Problem details -
Please find the line that holds "With a single" below and reproduce it, along with every line after it through the end, exactly and without pictures.

Information supplied -
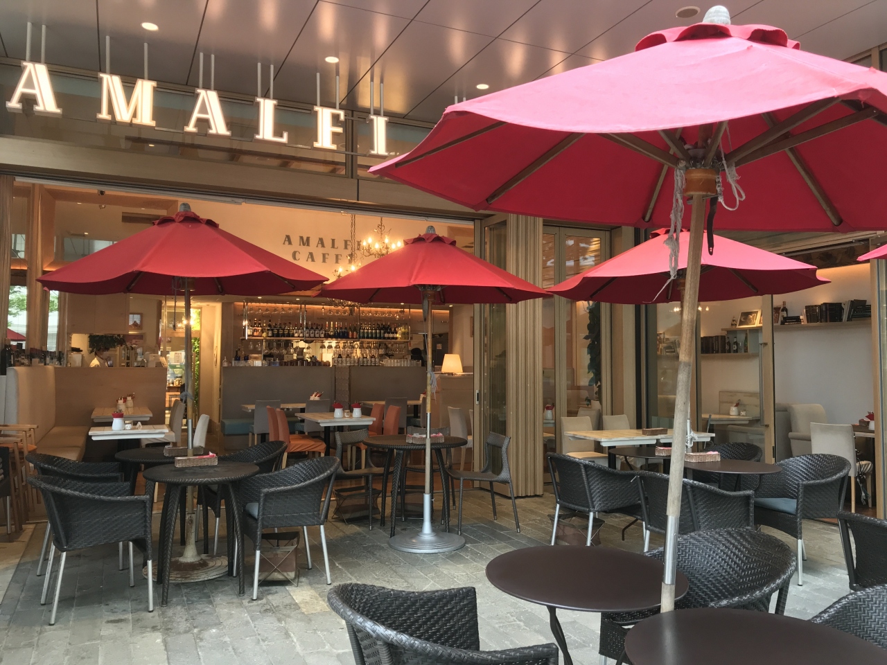 横浜みなとみらいのMARK IS1階にあります。営業開始は通常なら10時のようですが、今はMARK ISそのものが時短営業で、11時オープンでした。テラス席が3列20席分有るので、時間が早ければ休日でも案内してもらえます。あいにくの雨だったのですが、店寄りの2列なら濡れることもありません。私たちは向かい側に建つ横浜美術館を向く横並び席を選びました。
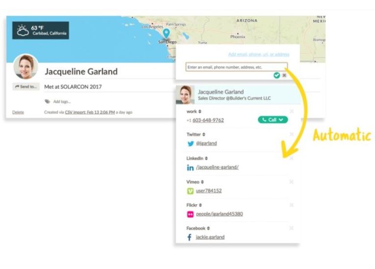 With a single piece of info such as social handles, email addresses, phone numbers, etc., Contacts+ gives you a complete profile. Use the mobile app to scan business cards and save them or upload them in bulk using the web application.
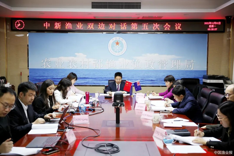 11月1日,第五次中新渔业对话以视频方式举行。农业农村部渔业渔政管理局副局长江开勇与新西兰初级产业部渔业国际合作司副司长詹姆斯·布朗共同主持会议。
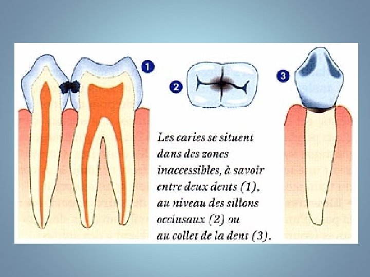 Pourquoi les enfants sont ils plus vulnérables à la carie? • Après éruption: L’émail de l’apatite contient des ions carbonates et magnésium fortement solubles en présence d’acides faibles • Le processus de minéralisation se poursuivra après l’éruption: la plaque et la salive sont super saturées en ions calcium et phosphates • Et il y aura: échange d’ions hydroxyles et fluorures qui permettront un meilleur arrangement cristallographique des atomes…Fluoroapathites qui résisteront jusqu’à un ph de 4. 5

Expected answer -
 With a single piece of info such as social handles, email addresses, phone numbers, etc., Contacts+ gives you a complete profile. Use the mobile app to scan business cards and save them or upload them in bulk using the web application.
 11月1日,第五次中新渔业对话以视频方式举行。农业农村部渔业渔政管理局副局长江开勇与新西兰初级产业部渔业国际合作司副司长詹姆斯·布朗共同主持会议。
 Pourquoi les enfants sont ils plus vulnérables à la carie? • Après éruption: L’émail de l’apatite contient des ions carbonates et magnésium fortement solubles en présence d’acides faibles • Le processus de minéralisation se poursuivra après l’éruption: la plaque et la salive sont super saturées en ions calcium et phosphates • Et il y aura: échange d’ions hydroxyles et fluorures qui permettront un meilleur arrangement cristallographique des atomes…Fluoroapathites qui résisteront jusqu’à un ph de 4. 5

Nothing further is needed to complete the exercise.